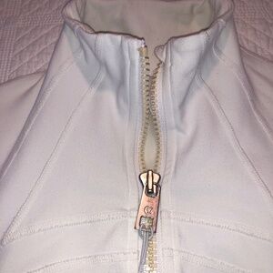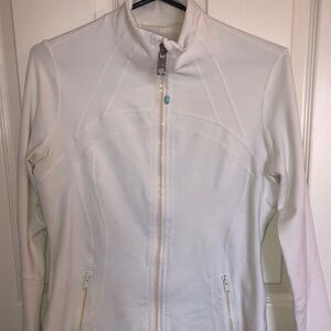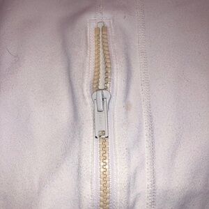 LULULEMON white front zip jacket with two side zipped pockets and thumb hole/mitten sleeves. Good condition but zipper has yellowed a bit. Stretch fabric. Size 10
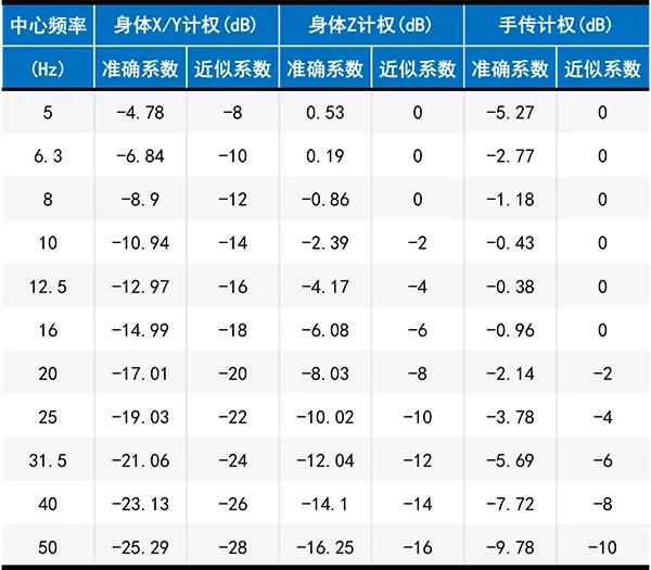 从中可以看出在某些频带中的计权系数可能会相差3dB以上。此外在手传计权系数中,最新的ISO标准中考虑带限滤波器,因而在6.3Hz以下的频带是衰减的,这点与以前的标准有较大区别。
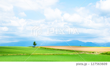 青空広がる初夏の爽やかな北海道らしい広大な畑の風景
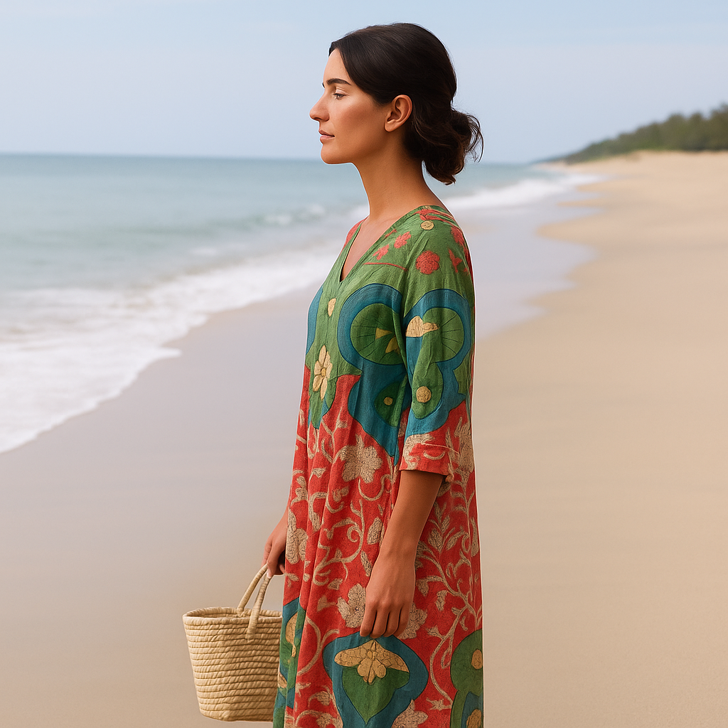 Este elegante vestido casual combina estampados vibrantes con una silueta relajada, lo que lo hace ideal tanto para paseos junto al mar como para salidas diarias. Con su escote en V, mangas tres cuartos y falda fluida, equilibra facilidad con un encanto llamativo.
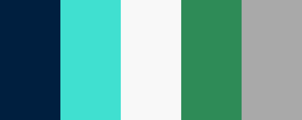 This palette combines the deep richness of dark navy with the vibrant energy of turquoise, balanced by soft white and garden-inspired greens. The muted gray adds a touch of sophistication while keeping the overall feel light and inviting.
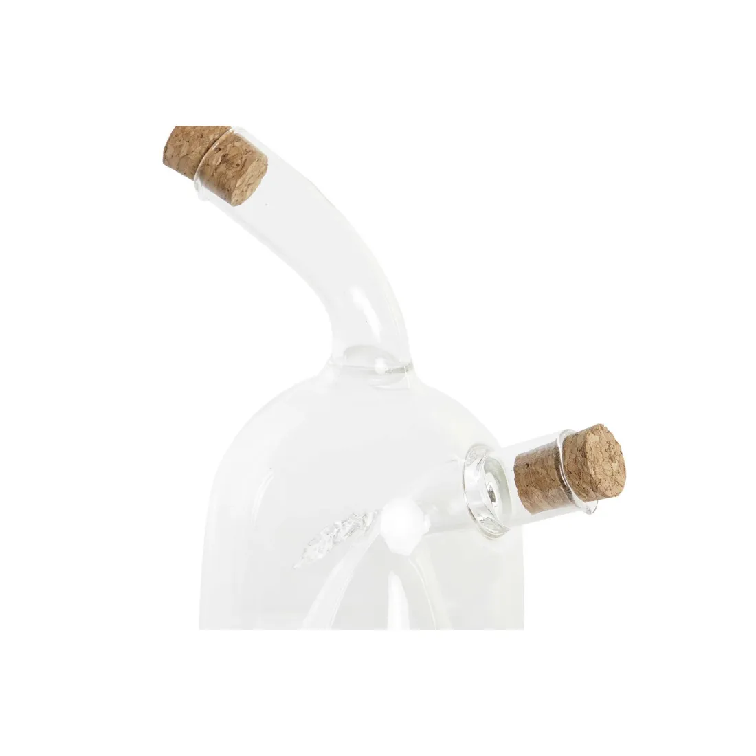 Esta aceitera doble de vidrio de borosilicato. Dispone de dos compartimentos para que puedas poner el aceite y el vinagre en un solo recipiente. Un accesorio de mesa funcional y elegante.
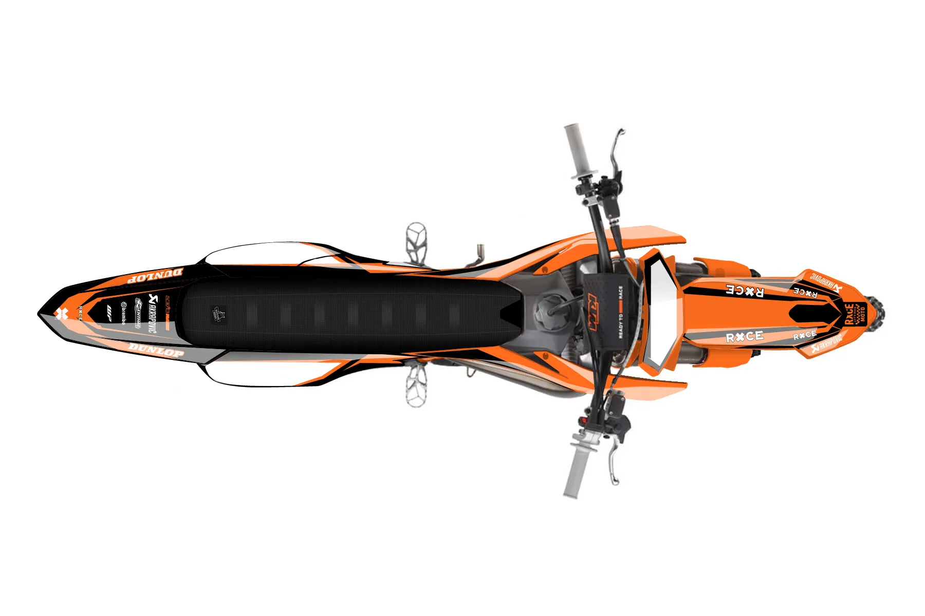 «Clinch» — готовый комплект графики серии Fusion для KTM MX Graphic Kit KTM SX 85 2025. В комплекте: графика на бак и боковые облицовки, крылья (переднее и заднее), передний щиток, номерные таблички, защита вилки. Материал: ПВХ-винил 80 мкр с холодной ламинацией 300 мкр, общая толщина 380 мкр; покрытие глянцевое или матовое на выбор. Устойчив к UV-излучению, воде, бензину и мойке высокого давления. Клей акриловый на сольвентной основе — постоянный, для гибких пластиков. На простых поверхностях монтируется без нагрева; для сложных изгибов рекомендуем фен. Этот пресет можно заказать как есть или взять за основу в конструкторе: поменять цвета, добавить стартовый номер и свой бренд. Производство — 3–5 рабочих дней, доставка по России СДЭКом или Почтой, по СНГ — курьерскими службами.
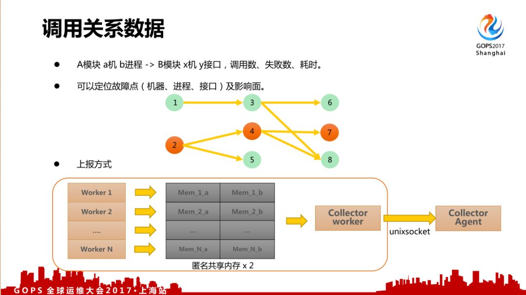 后台数据里面还有一个重要数据是调用关系数据,在故障分析定位中有非常大的作用。
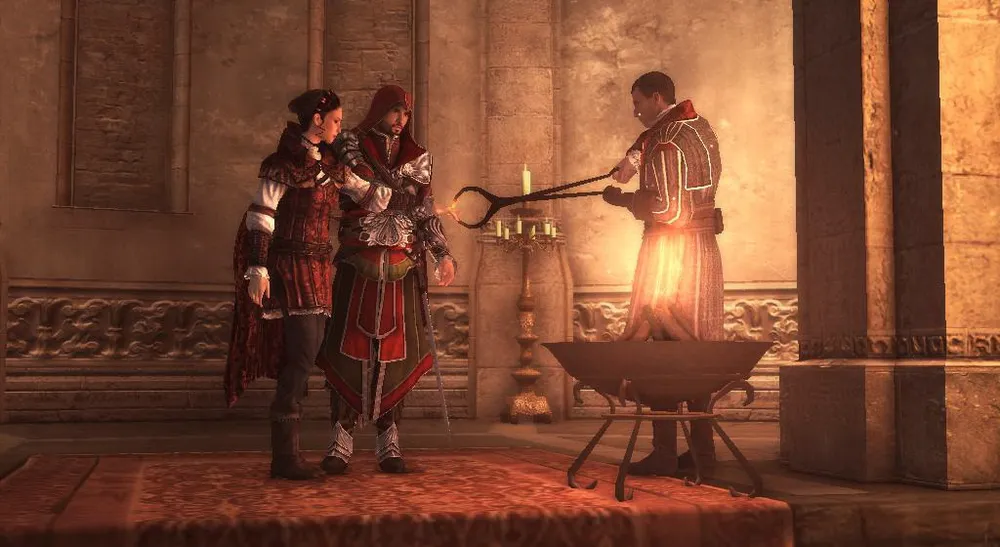 Войска французов и папы в смятении. Эцио поручает Ла-Вольпе собрать ассасинов и привести Клаудию. Наблюдаем церемонию, как Клаудию посвящают в ассасины. Эцио теперь Элеметноре – хранитель Ордена ассасинов.
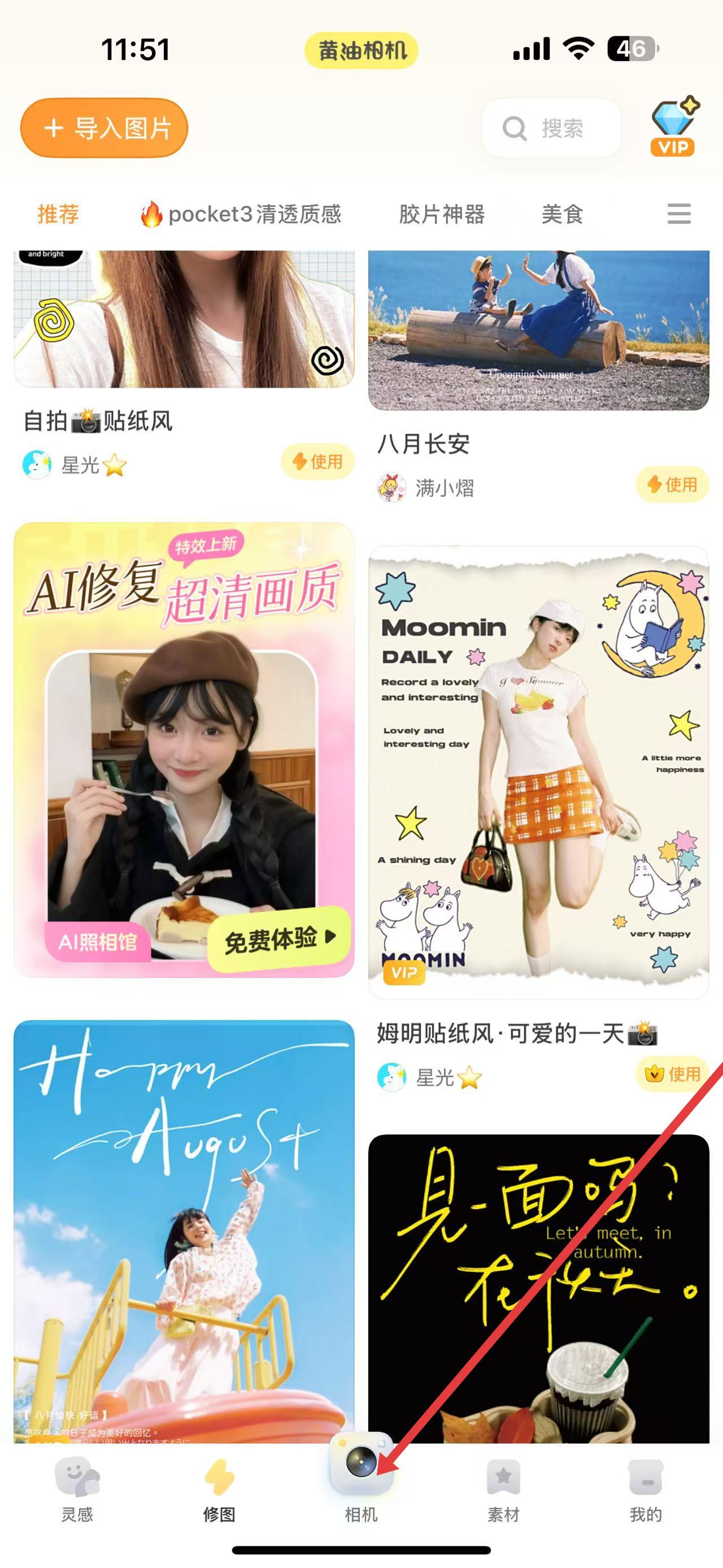 1、打开黄油相机,点击底部导航栏中的相机图标进入拍摄界面。
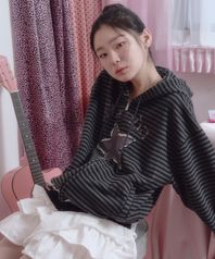 STRIPE STAR CUT-OFF HOOD ZIP-UP BLACK

▶ [INSTRUCTIONS TO FOLLOW]
Set every record down exactly, omitting pictures.

▶ [SOLUTION]
 LULULEMON white front zip jacket with two side zipped pockets and thumb hole/mitten sleeves. Good condition but zipper has yellowed a bit. Stretch fabric. Size 10
 从中可以看出在某些频带中的计权系数可能会相差3dB以上。此外在手传计权系数中,最新的ISO标准中考虑带限滤波器,因而在6.3Hz以下的频带是衰减的,这点与以前的标准有较大区别。
 青空広がる初夏の爽やかな北海道らしい広大な畑の風景
 Este elegante vestido casual combina estampados vibrantes con una silueta relajada, lo que lo hace ideal tanto para paseos junto al mar como para salidas diarias. Con su escote en V, mangas tres cuartos y falda fluida, equilibra facilidad con un encanto llamativo.
 This palette combines the deep richness of dark navy with the vibrant energy of turquoise, balanced by soft white and garden-inspired greens. The muted gray adds a touch of sophistication while keeping the overall feel light and inviting.
 Esta aceitera doble de vidrio de borosilicato. Dispone de dos compartimentos para que puedas poner el aceite y el vinagre en un solo recipiente. Un accesorio de mesa funcional y elegante.
 «Clinch» — готовый комплект графики серии Fusion для KTM MX Graphic Kit KTM SX 85 2025. В комплекте: графика на бак и боковые облицовки, крылья (переднее и заднее), передний щиток, номерные таблички, защита вилки. Материал: ПВХ-винил 80 мкр с холодной ламинацией 300 мкр, общая толщина 380 мкр; покрытие глянцевое или матовое на выбор. Устойчив к UV-излучению, воде, бензину и мойке высокого давления. Клей акриловый на сольвентной основе — постоянный, для гибких пластиков. На простых поверхностях монтируется без нагрева; для сложных изгибов рекомендуем фен. Этот пресет можно заказать как есть или взять за основу в конструкторе: поменять цвета, добавить стартовый номер и свой бренд. Производство — 3–5 рабочих дней, доставка по России СДЭКом или Почтой, по СНГ — курьерскими службами.
 后台数据里面还有一个重要数据是调用关系数据,在故障分析定位中有非常大的作用。
 Войска французов и папы в смятении. Эцио поручает Ла-Вольпе собрать ассасинов и привести Клаудию. Наблюдаем церемонию, как Клаудию посвящают в ассасины. Эцио теперь Элеметноре – хранитель Ордена ассасинов.
 1、打开黄油相机,点击底部导航栏中的相机图标进入拍摄界面。
 STRIPE STAR CUT-OFF HOOD ZIP-UP BLACK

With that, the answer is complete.